**WORK ITEM**
Would you please transcribe the listing exactly, with no images?

**COLLECTED MATERIAL**

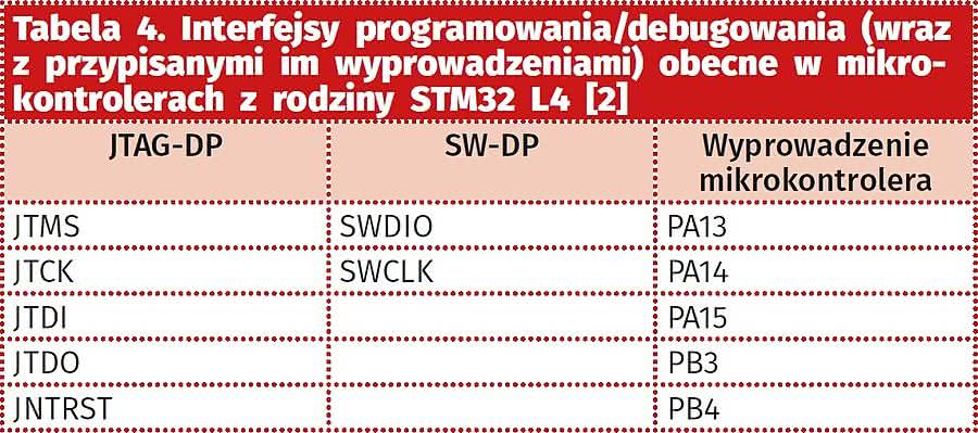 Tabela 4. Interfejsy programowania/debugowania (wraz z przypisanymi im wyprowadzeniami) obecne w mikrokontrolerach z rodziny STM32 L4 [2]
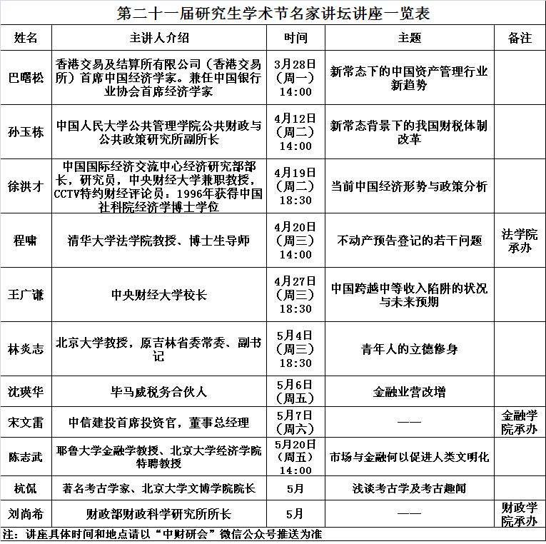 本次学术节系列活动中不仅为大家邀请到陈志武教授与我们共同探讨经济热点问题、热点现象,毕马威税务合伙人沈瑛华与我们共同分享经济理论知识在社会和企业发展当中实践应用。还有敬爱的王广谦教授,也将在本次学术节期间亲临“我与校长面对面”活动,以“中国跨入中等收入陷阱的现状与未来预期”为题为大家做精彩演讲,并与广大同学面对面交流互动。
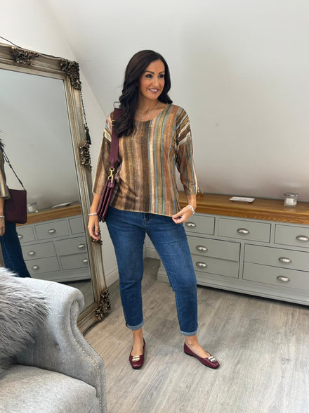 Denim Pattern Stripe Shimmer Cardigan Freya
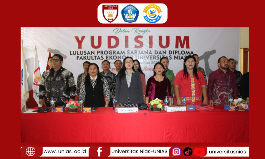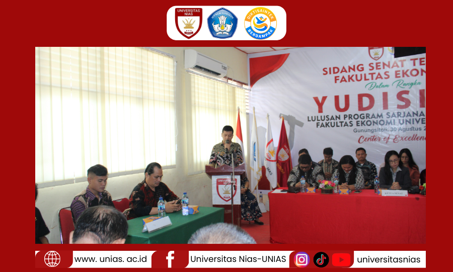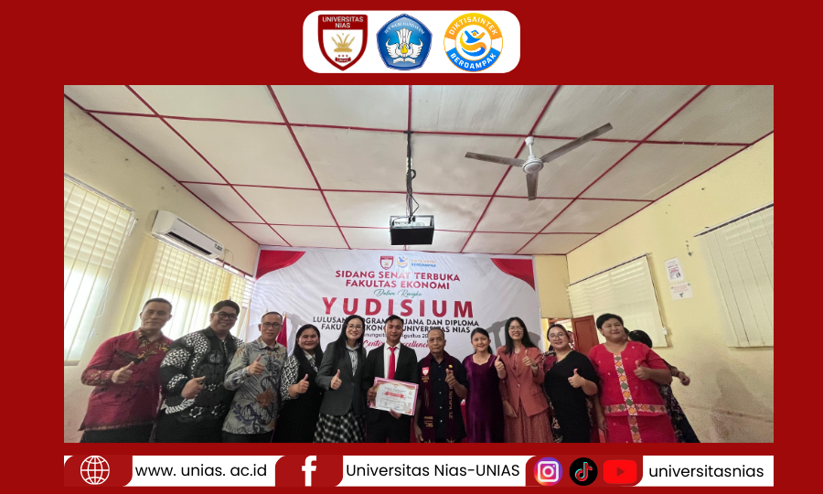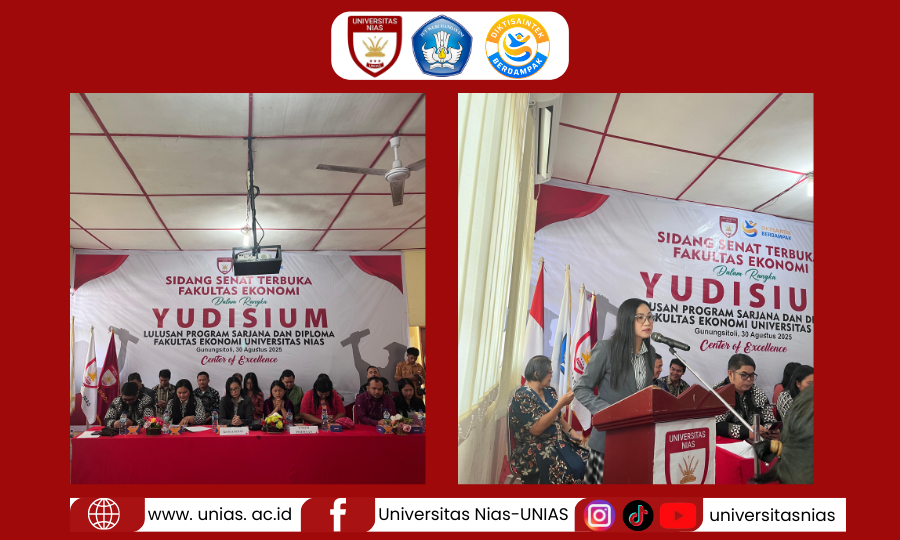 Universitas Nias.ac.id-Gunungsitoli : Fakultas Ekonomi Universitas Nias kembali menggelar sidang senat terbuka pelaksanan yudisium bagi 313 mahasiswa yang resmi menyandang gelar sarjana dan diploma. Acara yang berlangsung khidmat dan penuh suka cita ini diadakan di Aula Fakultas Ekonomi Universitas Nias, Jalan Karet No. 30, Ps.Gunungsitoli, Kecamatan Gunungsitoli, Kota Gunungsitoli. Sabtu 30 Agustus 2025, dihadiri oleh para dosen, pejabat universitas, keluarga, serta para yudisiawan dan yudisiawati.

**SOLUTION FOR THIS PROBLEM**
 Tabela 4. Interfejsy programowania/debugowania (wraz z przypisanymi im wyprowadzeniami) obecne w mikrokontrolerach z rodziny STM32 L4 [2]
 本次学术节系列活动中不仅为大家邀请到陈志武教授与我们共同探讨经济热点问题、热点现象,毕马威税务合伙人沈瑛华与我们共同分享经济理论知识在社会和企业发展当中实践应用。还有敬爱的王广谦教授,也将在本次学术节期间亲临“我与校长面对面”活动,以“中国跨入中等收入陷阱的现状与未来预期”为题为大家做精彩演讲,并与广大同学面对面交流互动。
 Denim Pattern Stripe Shimmer Cardigan Freya
 Universitas Nias.ac.id-Gunungsitoli : Fakultas Ekonomi Universitas Nias kembali menggelar sidang senat terbuka pelaksanan yudisium bagi 313 mahasiswa yang resmi menyandang gelar sarjana dan diploma. Acara yang berlangsung khidmat dan penuh suka cita ini diadakan di Aula Fakultas Ekonomi Universitas Nias, Jalan Karet No. 30, Ps.Gunungsitoli, Kecamatan Gunungsitoli, Kota Gunungsitoli. Sabtu 30 Agustus 2025, dihadiri oleh para dosen, pejabat universitas, keluarga, serta para yudisiawan dan yudisiawati.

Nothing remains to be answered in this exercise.